### Dataset extract
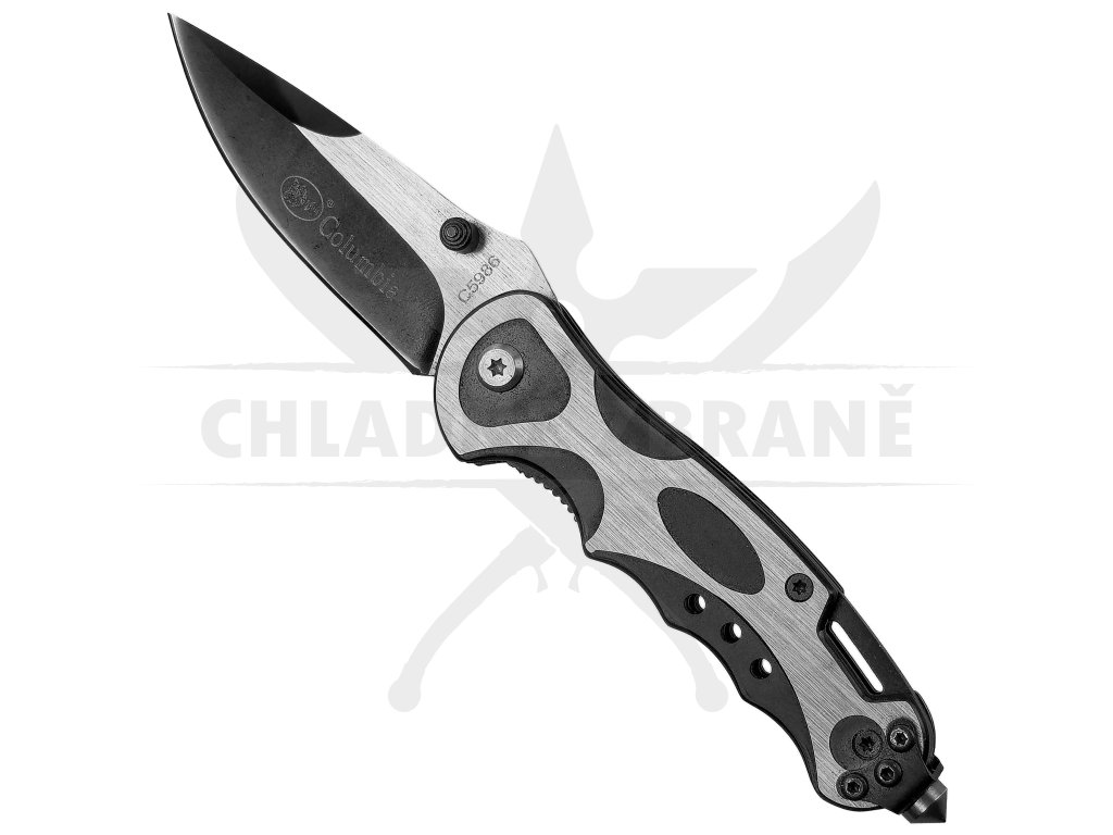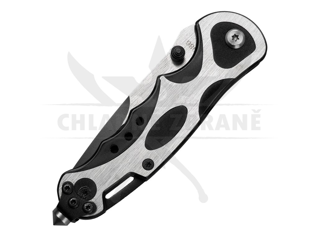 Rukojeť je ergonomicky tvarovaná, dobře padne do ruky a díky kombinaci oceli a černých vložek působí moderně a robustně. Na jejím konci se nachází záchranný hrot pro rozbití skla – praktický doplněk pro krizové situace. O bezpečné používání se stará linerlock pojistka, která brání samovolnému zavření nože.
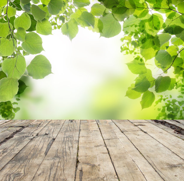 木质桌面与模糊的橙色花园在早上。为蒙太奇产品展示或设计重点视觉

...

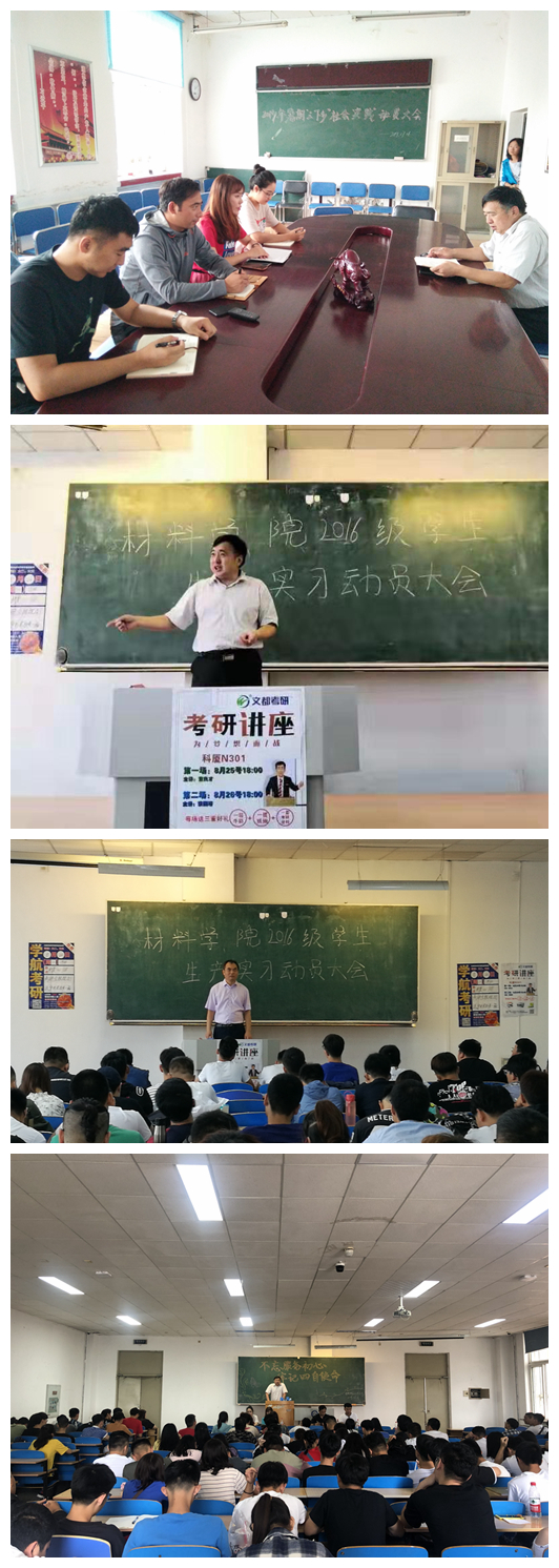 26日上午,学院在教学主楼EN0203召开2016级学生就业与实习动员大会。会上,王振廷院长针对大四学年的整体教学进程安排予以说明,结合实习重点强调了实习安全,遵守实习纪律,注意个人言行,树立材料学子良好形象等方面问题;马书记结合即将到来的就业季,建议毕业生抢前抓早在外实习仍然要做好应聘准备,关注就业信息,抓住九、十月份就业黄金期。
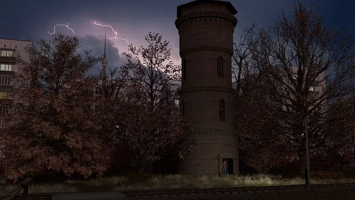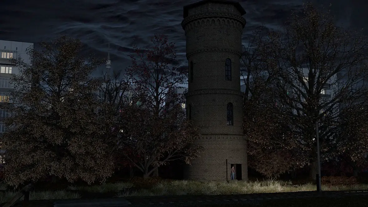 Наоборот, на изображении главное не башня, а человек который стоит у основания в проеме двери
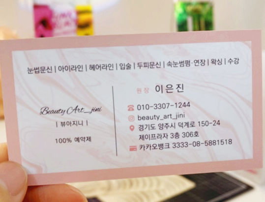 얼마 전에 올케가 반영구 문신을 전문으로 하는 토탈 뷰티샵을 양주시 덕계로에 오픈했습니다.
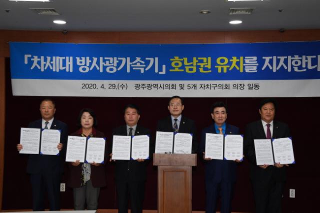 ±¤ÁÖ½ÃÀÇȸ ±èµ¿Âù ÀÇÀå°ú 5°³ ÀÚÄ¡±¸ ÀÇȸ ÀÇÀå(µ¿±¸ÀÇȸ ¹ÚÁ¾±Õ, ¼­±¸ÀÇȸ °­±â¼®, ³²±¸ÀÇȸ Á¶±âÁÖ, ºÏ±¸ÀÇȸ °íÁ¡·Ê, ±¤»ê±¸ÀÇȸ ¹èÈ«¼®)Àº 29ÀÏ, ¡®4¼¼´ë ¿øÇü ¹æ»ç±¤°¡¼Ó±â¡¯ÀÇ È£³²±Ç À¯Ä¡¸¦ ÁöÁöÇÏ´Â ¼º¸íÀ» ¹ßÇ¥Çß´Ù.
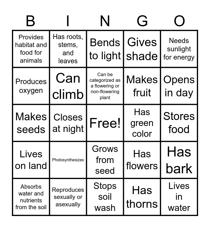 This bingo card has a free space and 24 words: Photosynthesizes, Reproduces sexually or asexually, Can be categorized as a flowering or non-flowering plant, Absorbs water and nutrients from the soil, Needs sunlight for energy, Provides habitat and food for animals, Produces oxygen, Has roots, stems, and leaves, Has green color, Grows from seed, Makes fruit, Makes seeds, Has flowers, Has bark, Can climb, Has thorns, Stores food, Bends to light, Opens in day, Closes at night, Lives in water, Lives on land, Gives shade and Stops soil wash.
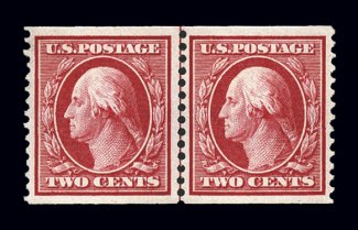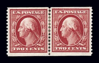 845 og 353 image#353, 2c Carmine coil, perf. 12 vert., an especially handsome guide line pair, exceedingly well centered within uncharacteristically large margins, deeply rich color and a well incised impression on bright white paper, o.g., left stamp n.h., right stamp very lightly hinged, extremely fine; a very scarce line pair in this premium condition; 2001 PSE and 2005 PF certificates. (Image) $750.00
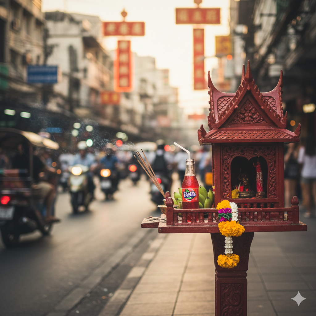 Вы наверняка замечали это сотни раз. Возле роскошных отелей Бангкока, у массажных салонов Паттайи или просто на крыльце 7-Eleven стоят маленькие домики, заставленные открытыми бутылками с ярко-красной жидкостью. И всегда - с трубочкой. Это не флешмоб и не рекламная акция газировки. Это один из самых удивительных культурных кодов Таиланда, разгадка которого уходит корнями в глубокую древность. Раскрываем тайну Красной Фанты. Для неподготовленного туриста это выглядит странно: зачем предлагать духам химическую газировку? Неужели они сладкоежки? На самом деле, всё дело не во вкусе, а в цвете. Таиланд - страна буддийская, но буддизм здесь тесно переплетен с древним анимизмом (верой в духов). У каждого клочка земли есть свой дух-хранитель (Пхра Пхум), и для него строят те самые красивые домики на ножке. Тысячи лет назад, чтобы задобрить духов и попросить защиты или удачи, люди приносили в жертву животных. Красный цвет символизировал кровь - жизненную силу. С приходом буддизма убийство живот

---

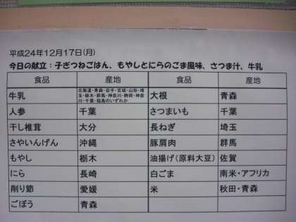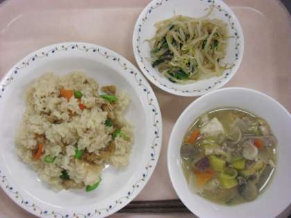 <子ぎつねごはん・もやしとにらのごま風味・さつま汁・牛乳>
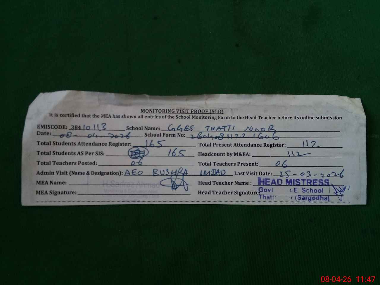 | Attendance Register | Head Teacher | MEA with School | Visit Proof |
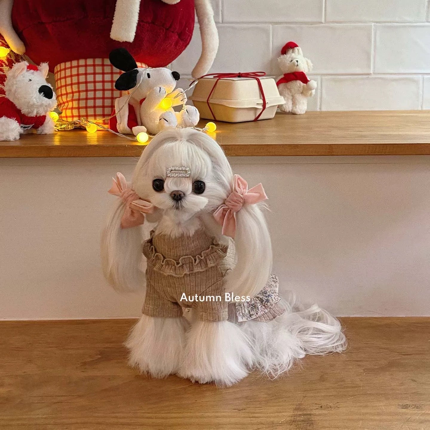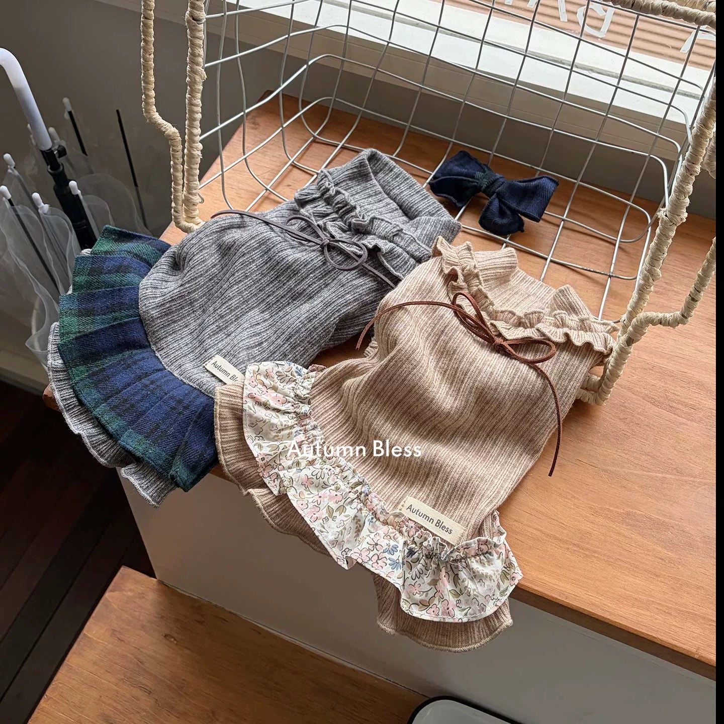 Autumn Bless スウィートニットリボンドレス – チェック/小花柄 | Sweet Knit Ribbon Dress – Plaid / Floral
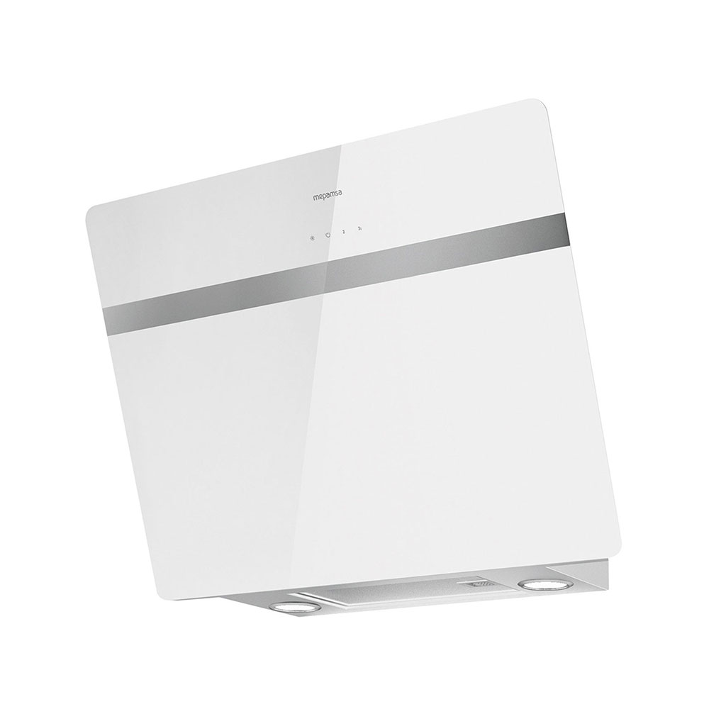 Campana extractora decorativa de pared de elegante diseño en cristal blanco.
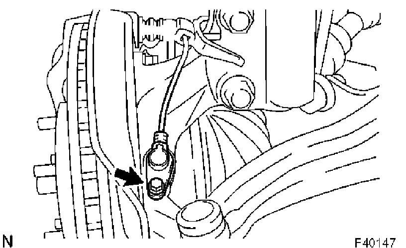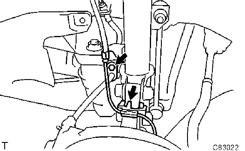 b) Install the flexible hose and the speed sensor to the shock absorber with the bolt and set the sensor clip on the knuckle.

### What needs to be done
Write out, word for word, the stretch of entries that begins at the line with "Autumn Bless スウィートニットリボンドレス" and ends at the line with "b) Install the". Pictures do not belong in it.

### Task response
 Autumn Bless スウィートニットリボンドレス – チェック/小花柄 | Sweet Knit Ribbon Dress – Plaid / Floral
 Campana extractora decorativa de pared de elegante diseño en cristal blanco.
 b) Install the flexible hose and the speed sensor to the shock absorber with the bolt and set the sensor clip on the knuckle.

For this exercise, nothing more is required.